DOI: 10.4172/2469-9764-C1-005

Abstract
Many treatment methods have been proposed for removal of pollutants from water. The feasibility of a natural gelatin from Sisymbrium irio seeds to remove dyes (methylene blue, and methyl orange) and reducing turbidity of kaolin water has been examined. Various natural materials were applied for removal of dyes, heavy metals, organic compounds and reducing turbidity from wastewater; however, some issues such as the presence of poisoning materials appeared due to utilization of those natural materials. Sisymbrium irio seed is widely used as medicine for treating some disease, indicating the edible seed is free poisoning. Various enzymatic degradation products are formed from Sisymbrium irio seed when the seed tissue is disrupted due to content glucosinolates. These products contribute to adsorbing anionic and cationic dyes from water in which the dyes are totally removed in all pH range of solutions; however, reduction in turbidity of kaolin water was not observed. The highest amount of natural gelatin was obtained in the pH range 5 to 7. A color reduction of over 99% was achieved at equilibrium using an methylene blue concentration of 200 mg/L with 5 g seed in the pH range 3 to 10 and also 98% methyl orange was removed in the pH range 5 to 10. A color changing of the Sisymbrium irio seed was observed form orange to dark blue after removal of methylene blue. The results show that the enzymatic degradation products are totally able to remove both cationic and anionic dyes that may have occurred due to bonding with various functional groups such as OH, SO3, SH, CN, etc.
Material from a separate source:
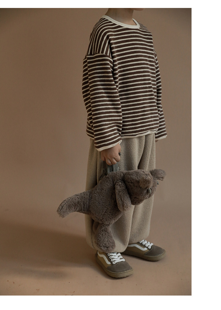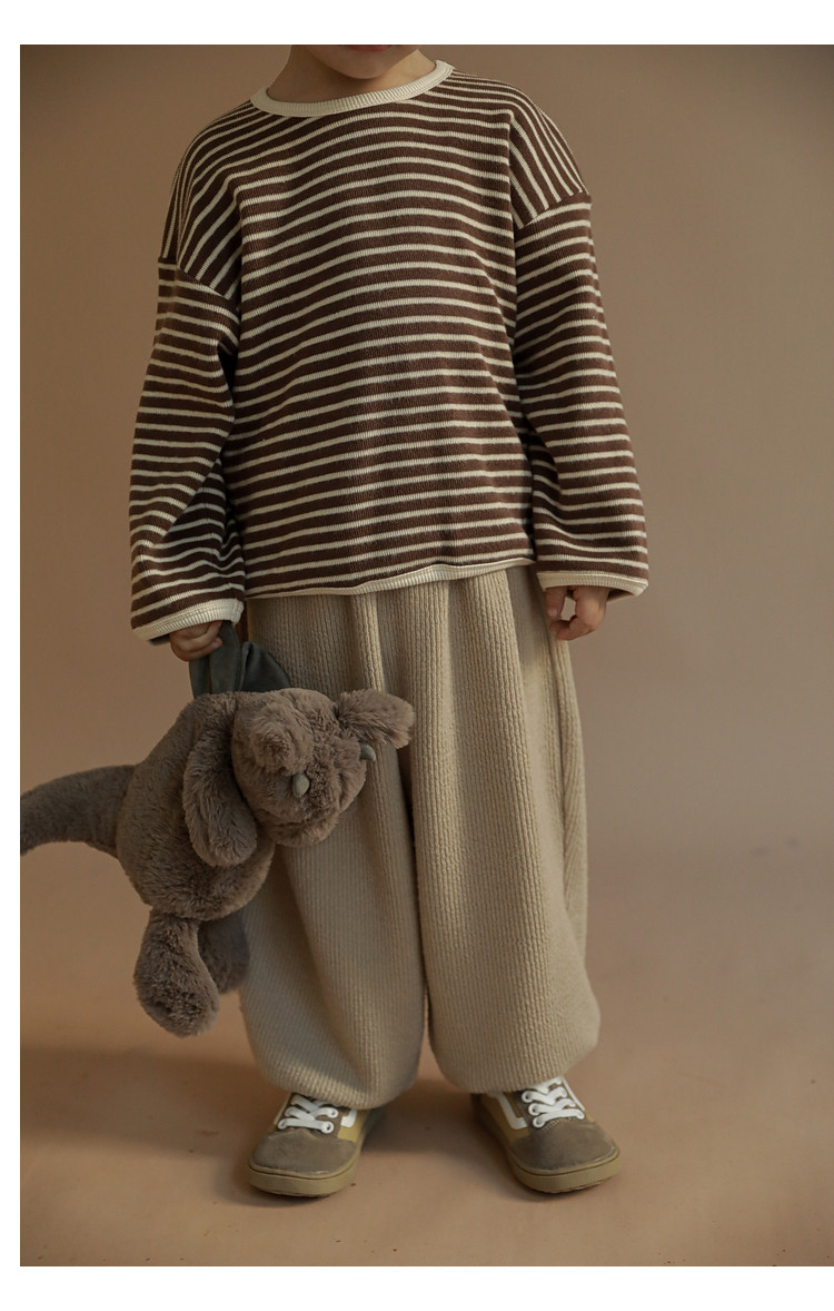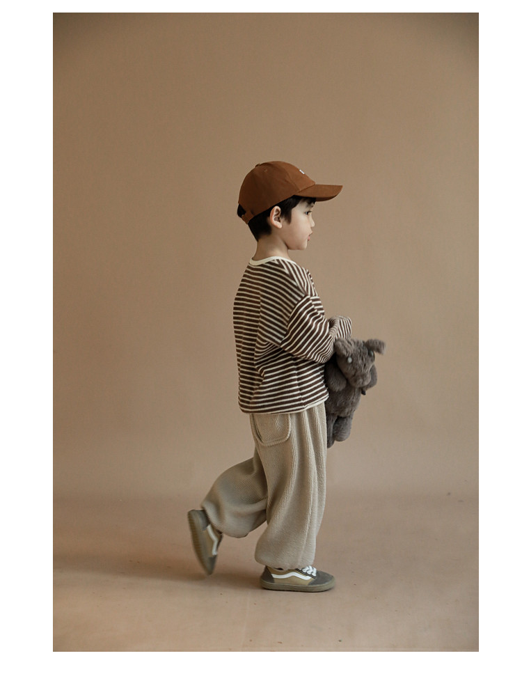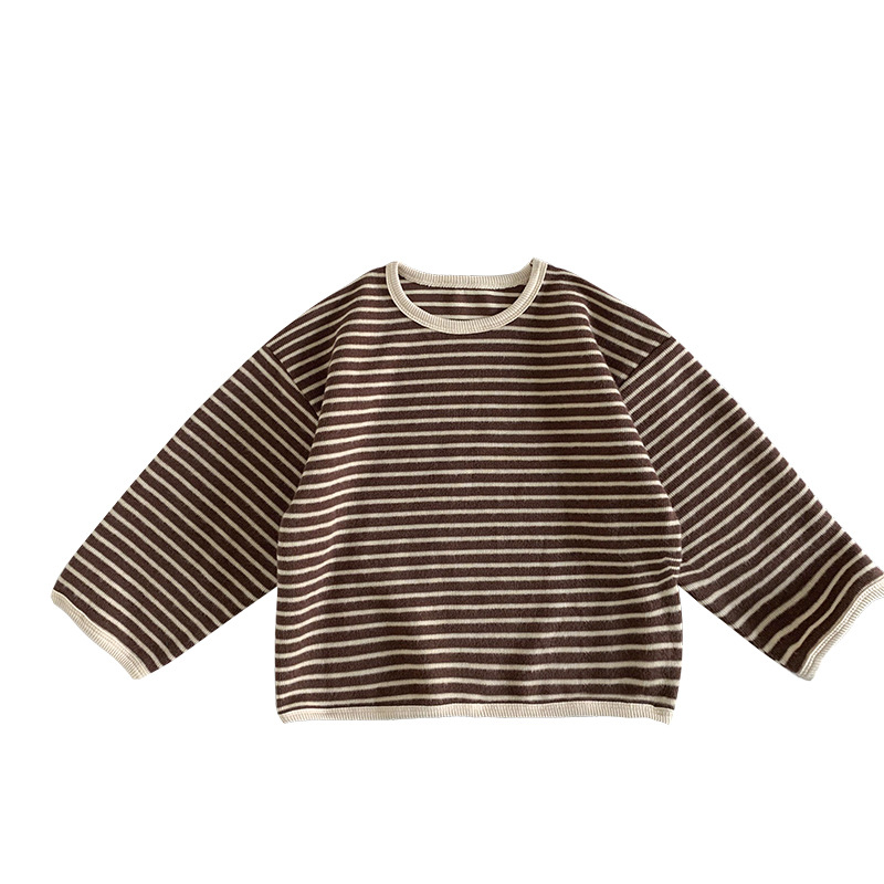 Wurib 아동용 긴팔 티셔츠 봄과 가을 새로운 스타일 탑 스트라이프 크루넥베이스 셔츠 소년과 아기를 위한 루즈한 티셔츠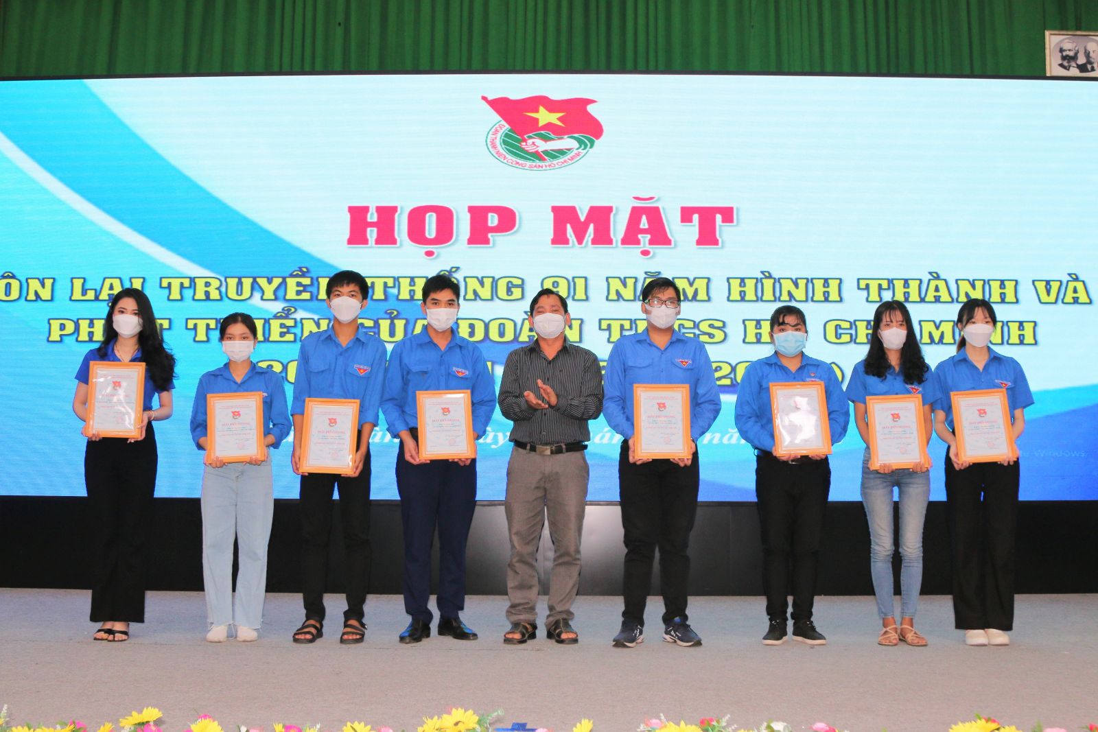 Lê Duy Chương sinh viên năm thứ ba, ngành Sư phạm Toán học, Khoa Sư phạm và Xã hội nhân văn (thứ 3, bìa trái) là gương mặt trẻ tiêu biểu được tuyên dương tại Họp mặt ôn lại truyền thống 91 năm ngày Thành lập Đoàn TNCS HCM

For this reason, no flocculation occurred in kaolin water without any surface charge to reduce turbidity.
Biography

Soraya Hosseini has completed her PhD in Chemical Engineering from University Kembangan Malaysia in 2010, followed by a series of Post-doctoral positions at University Putra Malaysia from 2010 to 2016 within the same department. Her PhD and the subsequent postdoctoral research have led to about 45 research papers published in high-profile scientific journals in the field. Although she has been actively involved in environmental research and catalyst fabrication, her main research interest falls in the area of the fabrication of anhydrous membranes in fuel cell application. She has also been developing a growing interest in the area of advanced materials and electrochemical reactions. She has also conducted in-depth research on the fabrication of biosensors, employed in a range of food and energy. Her current research is concentrated around the fabrication of biosensors and probing into their performance by means of electrochemical reaction and impedance spectroscopy.